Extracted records
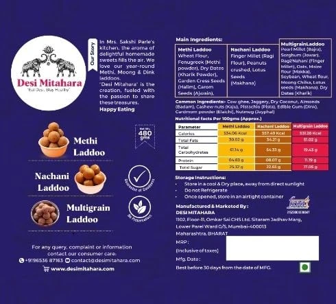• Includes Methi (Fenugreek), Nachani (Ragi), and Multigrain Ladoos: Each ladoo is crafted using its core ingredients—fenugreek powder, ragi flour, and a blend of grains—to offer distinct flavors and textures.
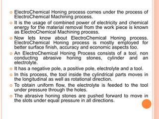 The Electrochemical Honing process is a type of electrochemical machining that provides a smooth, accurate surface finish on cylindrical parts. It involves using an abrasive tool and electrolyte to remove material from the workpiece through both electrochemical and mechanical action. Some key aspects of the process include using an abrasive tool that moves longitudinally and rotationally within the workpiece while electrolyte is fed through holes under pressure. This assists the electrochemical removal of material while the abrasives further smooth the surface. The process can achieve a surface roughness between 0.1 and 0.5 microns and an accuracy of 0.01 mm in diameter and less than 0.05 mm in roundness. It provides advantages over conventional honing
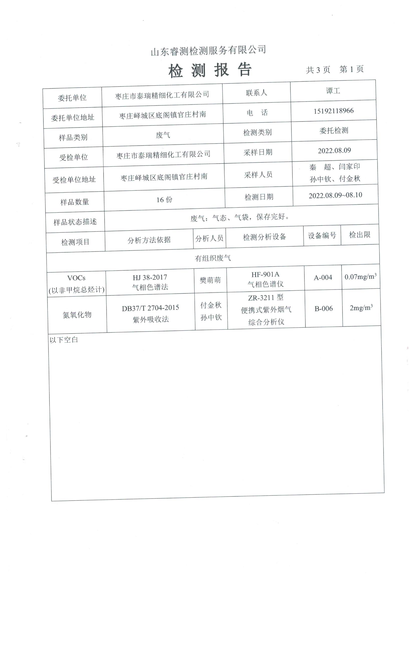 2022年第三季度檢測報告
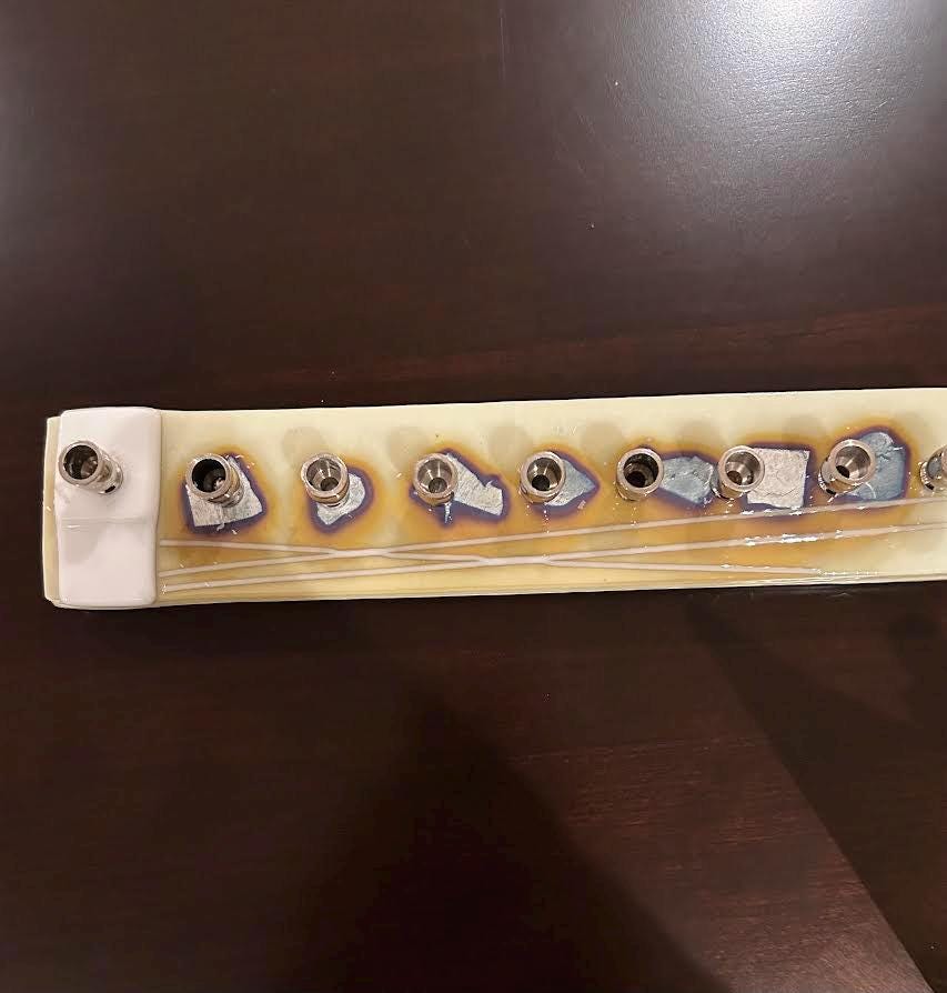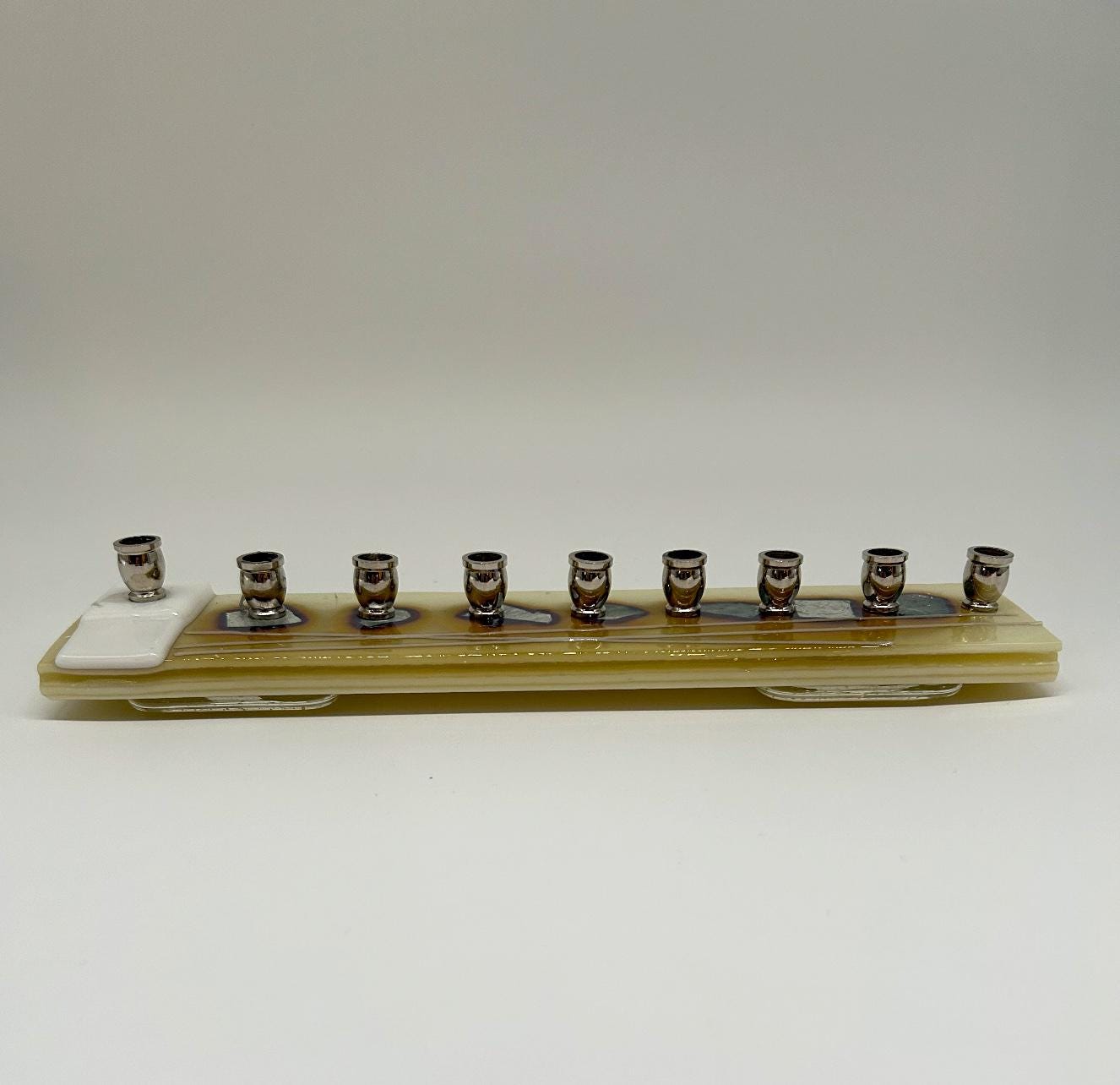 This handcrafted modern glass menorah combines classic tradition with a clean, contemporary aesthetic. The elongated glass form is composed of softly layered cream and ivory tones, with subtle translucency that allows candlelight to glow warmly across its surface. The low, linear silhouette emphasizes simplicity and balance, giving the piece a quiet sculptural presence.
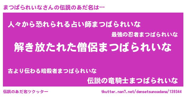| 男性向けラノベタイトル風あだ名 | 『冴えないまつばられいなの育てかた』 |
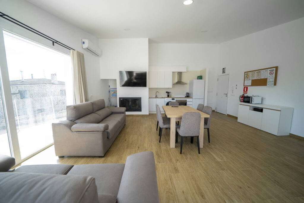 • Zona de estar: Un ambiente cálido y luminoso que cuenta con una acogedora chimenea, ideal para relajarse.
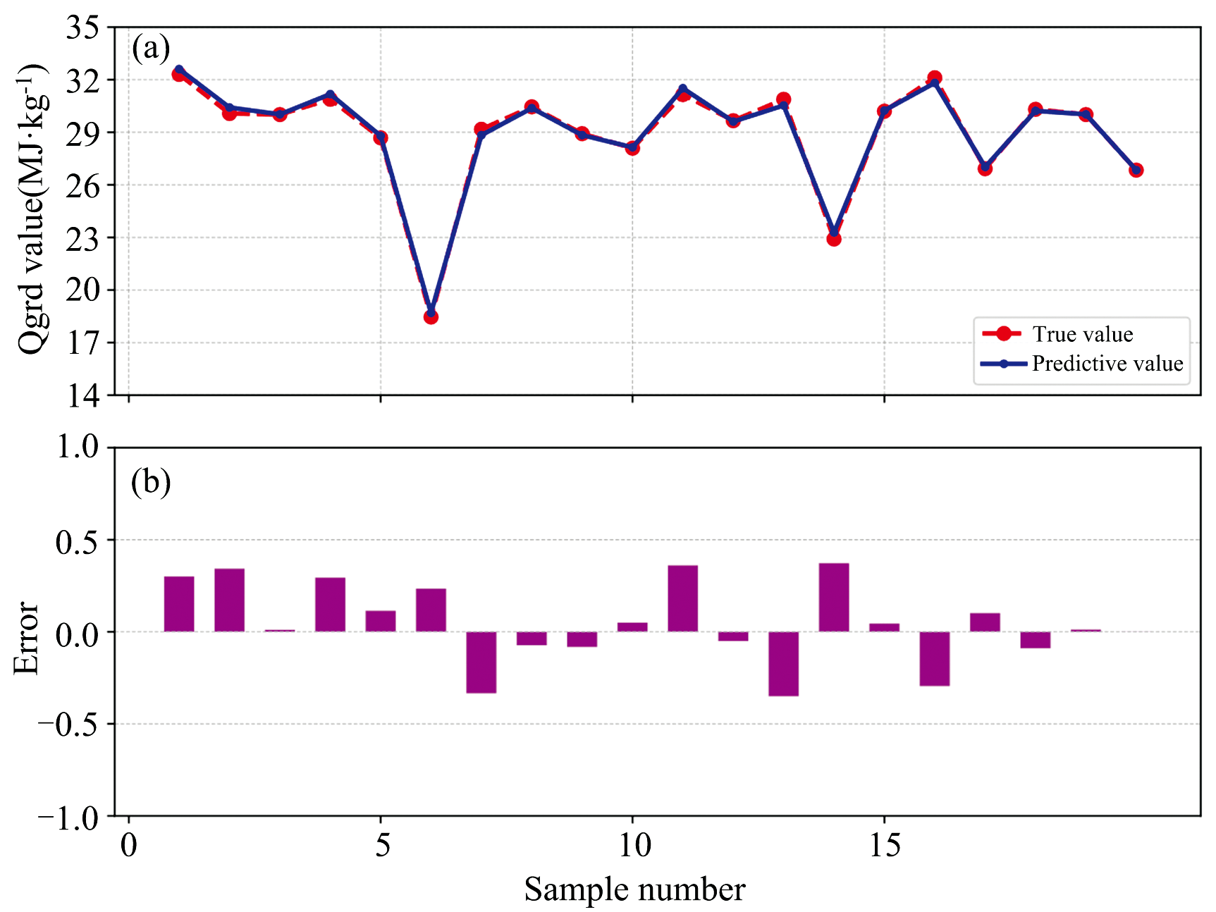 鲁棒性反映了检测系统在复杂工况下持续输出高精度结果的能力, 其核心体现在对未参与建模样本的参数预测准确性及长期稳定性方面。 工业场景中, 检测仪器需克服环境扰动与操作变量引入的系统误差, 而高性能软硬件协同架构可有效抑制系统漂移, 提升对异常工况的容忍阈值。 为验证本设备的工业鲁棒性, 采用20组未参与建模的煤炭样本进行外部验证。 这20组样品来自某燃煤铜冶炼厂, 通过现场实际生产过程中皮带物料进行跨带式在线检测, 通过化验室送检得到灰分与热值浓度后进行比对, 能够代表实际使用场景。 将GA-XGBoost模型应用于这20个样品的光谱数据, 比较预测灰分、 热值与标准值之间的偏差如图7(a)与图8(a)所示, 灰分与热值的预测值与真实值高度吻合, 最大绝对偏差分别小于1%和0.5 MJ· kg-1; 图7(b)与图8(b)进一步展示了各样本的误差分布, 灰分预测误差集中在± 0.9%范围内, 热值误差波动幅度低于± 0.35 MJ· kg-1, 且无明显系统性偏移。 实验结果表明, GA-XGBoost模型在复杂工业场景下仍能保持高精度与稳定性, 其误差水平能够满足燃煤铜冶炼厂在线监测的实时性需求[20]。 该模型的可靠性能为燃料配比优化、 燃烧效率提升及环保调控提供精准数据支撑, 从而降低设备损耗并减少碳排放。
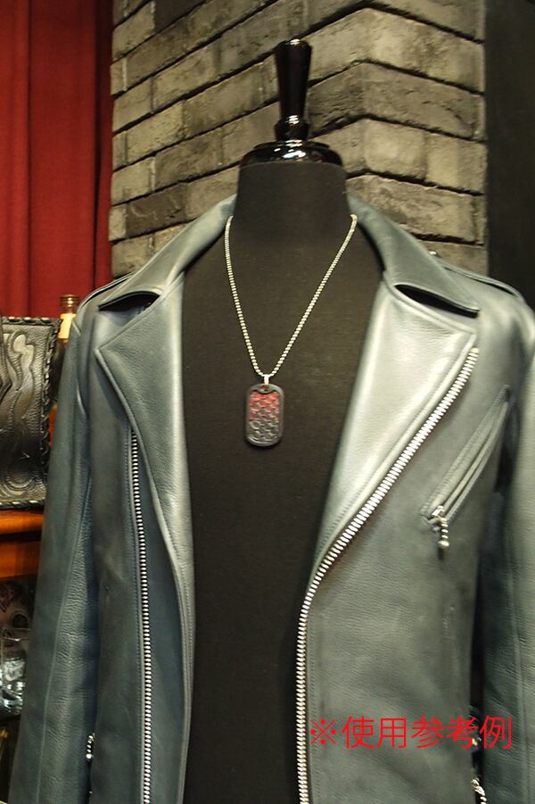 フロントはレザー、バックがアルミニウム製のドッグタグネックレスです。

**YOUR INSTRUCTIONS**
Extract only the lines from the line containing "2022年第三季度檢測報告" through the final line of the records; keep both ends and drop every picture.

**WRITTEN RESPONSE**
 2022年第三季度檢測報告
 This handcrafted modern glass menorah combines classic tradition with a clean, contemporary aesthetic. The elongated glass form is composed of softly layered cream and ivory tones, with subtle translucency that allows candlelight to glow warmly across its surface. The low, linear silhouette emphasizes simplicity and balance, giving the piece a quiet sculptural presence.
| 男性向けラノベタイトル風あだ名 | 『冴えないまつばられいなの育てかた』 |
 • Zona de estar: Un ambiente cálido y luminoso que cuenta con una acogedora chimenea, ideal para relajarse.
 鲁棒性反映了检测系统在复杂工况下持续输出高精度结果的能力, 其核心体现在对未参与建模样本的参数预测准确性及长期稳定性方面。 工业场景中, 检测仪器需克服环境扰动与操作变量引入的系统误差, 而高性能软硬件协同架构可有效抑制系统漂移, 提升对异常工况的容忍阈值。 为验证本设备的工业鲁棒性, 采用20组未参与建模的煤炭样本进行外部验证。 这20组样品来自某燃煤铜冶炼厂, 通过现场实际生产过程中皮带物料进行跨带式在线检测, 通过化验室送检得到灰分与热值浓度后进行比对, 能够代表实际使用场景。 将GA-XGBoost模型应用于这20个样品的光谱数据, 比较预测灰分、 热值与标准值之间的偏差如图7(a)与图8(a)所示, 灰分与热值的预测值与真实值高度吻合, 最大绝对偏差分别小于1%和0.5 MJ· kg-1; 图7(b)与图8(b)进一步展示了各样本的误差分布, 灰分预测误差集中在± 0.9%范围内, 热值误差波动幅度低于± 0.35 MJ· kg-1, 且无明显系统性偏移。 实验结果表明, GA-XGBoost模型在复杂工业场景下仍能保持高精度与稳定性, 其误差水平能够满足燃煤铜冶炼厂在线监测的实时性需求[20]。 该模型的可靠性能为燃料配比优化、 燃烧效率提升及环保调控提供精准数据支撑, 从而降低设备损耗并减少碳排放。
 フロントはレザー、バックがアルミニウム製のドッグタグネックレスです。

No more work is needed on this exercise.